One issue is that of credit ratings for small NBDTs and I will tell you that I am taking a very close interest in this particular issue. Under the new regime the Reserve Bank is to be the prudential regulator so this part of the work stream has now transferred to Dr Cullen as Finance Minister and minister with responsibility for the Reserve Bank. However, I have strong opinions on this matter and am determined to be kept in the loop. Cabinet has recognised that there are issues around the costs especially for small NBDTs. These might include exemptions for small NBDTs, the application of credit ratings to groups of NBDTs, or the possibility of negotating reduced fees on a collective basis with ratings agencies. Officials are due to report back on this at the end of this month.
While there is still work to be finalised, I am confident that the landscape for both credit unions and investors alike will be enhanced by the new regime.
The government remains committed to a competitive and open financial sector, and sees credit unions as playing a vital role within that wider objective.
We will continue to strive for a world class financial system that allocates resources efficiently and encourages the participation of well informed investors, just as it supports New Zealand’s economic productivity.

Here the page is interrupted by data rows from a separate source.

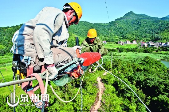 上半年,泉州市全社会用电累计177.22亿千瓦时,其中,安溪县用电量增长率居全市第一。为确保电网安全迎峰度夏,电力工程队冒酷暑在官安线更换老化绝缘构件,保障电力线路通畅。 (刘伯怡 摄)
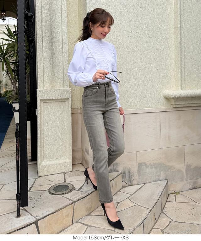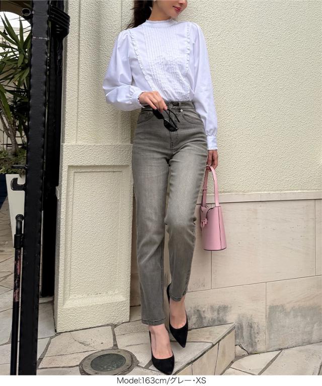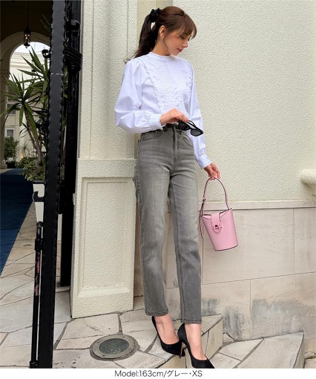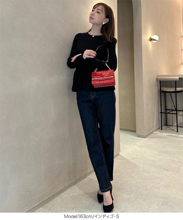 大人気インフルエンサー【岡部あゆみさんコラボ】スリムストレートデニム。太すぎず細すぎない絶妙なラインで、脚をすっきり長く見せてくれます。ハイウエスト仕様で腰まわりをしっかりホールドしつつ、スタイルアップ効果も抜群。シンプルなのに大人の抜け感を感じさせる、長く愛用できるデニムです。【素材・サイズ感】脚のラインを拾いすぎないスリムストレートで、すっきりと上品な印象に。安心感のあるハイライズ仕様で、トップスをインしたスタイルも美しく決まります。膝下はまっすぐ落ちるシルエットで、自然な美脚効果を演出。どんなトップスとも合わせやすく、ワードローブに加えておきたい頼れる一本です。※キャンセル/変更不可※※お届けまでの日程について
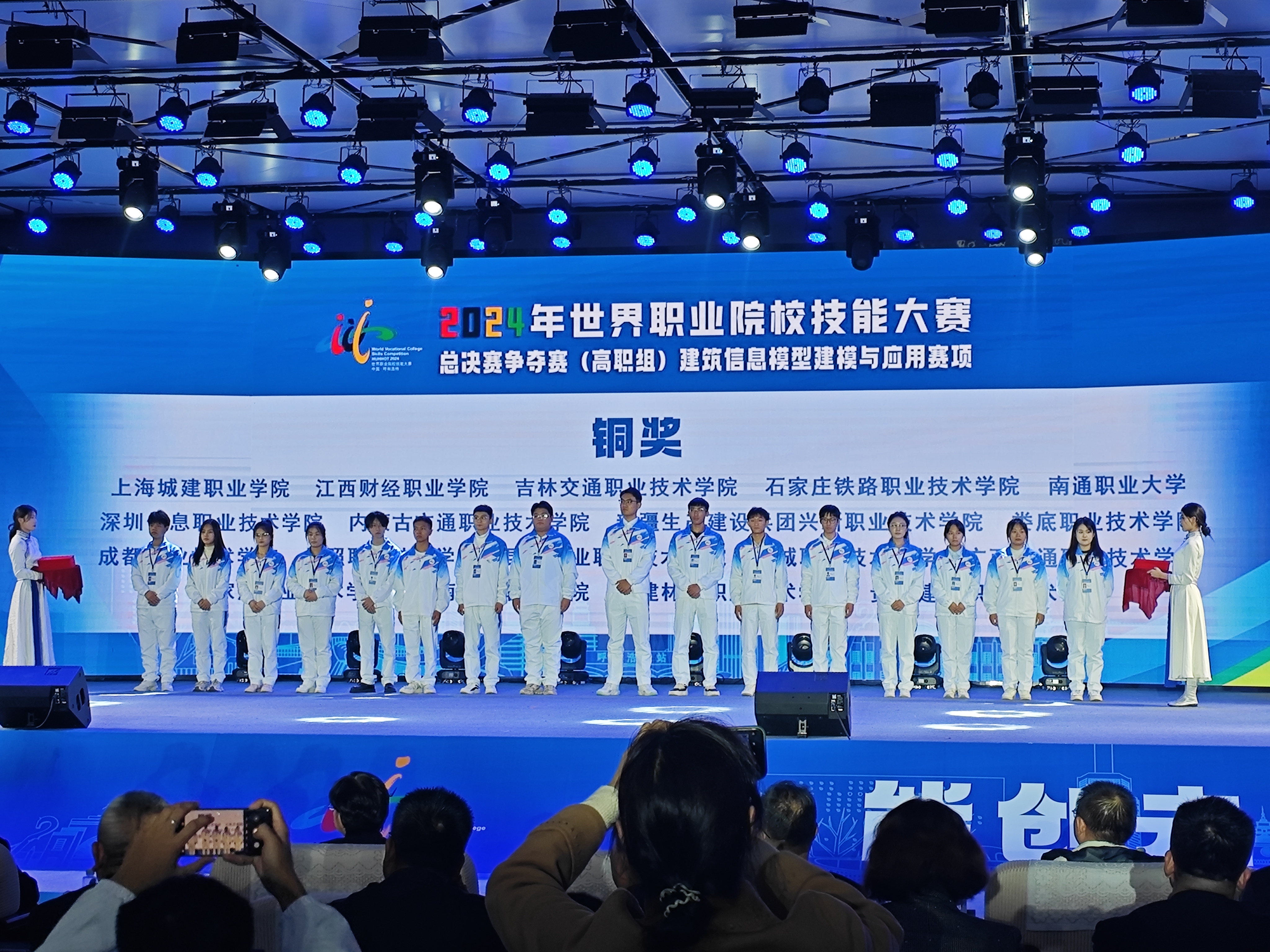 10月30日,2024年世界职业院校技能大赛总决赛争夺赛高职组土木建筑赛道“建筑信息模型建模与应用”赛项,经过激烈角逐,在内蒙古建筑职业技术学院落下帷幕,我校建筑工程学院严朝成、刘达栋两位老师指导的张玲玲、李微、甘元冬、余思錡团队脱颖而出获得铜奖。

The development of a more consistent regulatory framework for financial services coupled with the advent of KiwiSaver are significant pillars of this vision, notwithstanding that they also represent some of the most significant changes in the financial sector for many years. I am grateful for all the contributions that businesses have made to these initiatives in recent years, and look forward to resolving any future issues in a similarly cooperative and collaborative manner.
And, speaking of KiwiSaver: I hope none of you have missed the fact that this initiative of the government which aims to improve the savings habit of all New Zealanders was launched earlier this week. I have been encouraged to see the amount of positive comment and coverage it has received not just in the media, but in the workplace and in the street.
So, hopefully KiwiSaver needs little introduction to this audience. Certainly, Andrew ( Leys: the SCC Chair) is very familiar given his invaluable contribution to the original savings product working group that laid much of the ground work for the scheme. I acknowledge Andrew's concerns about employer compulsion, but I don't accept them. Several of our leading businesses have embraced it, paying the full four per cent employer contribution from day one because they want the best for their staff and for New Zealand. The New Zealand Stock Exchange is one of them and the chief executive Mark Weldon is on record as saying the net cost in dollar terms will be far outweighed by the value it brings to talent recruitment and retention. NZX is not alone in recognising this. The same benefits apply to small and medium-sized businesses as to the big companies such as Air New Zealand.
I firmly believe that KiwiSaver will bring about a positive sea change in the nation’s savings behaviour and that this policy will in future years be viewed as a significant piece of progressive legislation that we can all be proud of. The introduction of employer contributions will add further impetus to this trend.
Can I summarise by saying that both KiwiSaver and the decisions regarding the non-bank finance sector reflect the importance that the Labour-led government places on improving New Zealand’s savings and investment environment.
The promotion of a stronger savings culture and the encouragement of greater levels of investment are key themes driving our agenda to transform the economy.
The contribution of savings and investment to a more productive economy, a deeper domestic capital base and a more prosperous and secure retirement future for New Zealanders is something we all acknowledge.
So, thank you again, for your time today. I am sure you will have questions.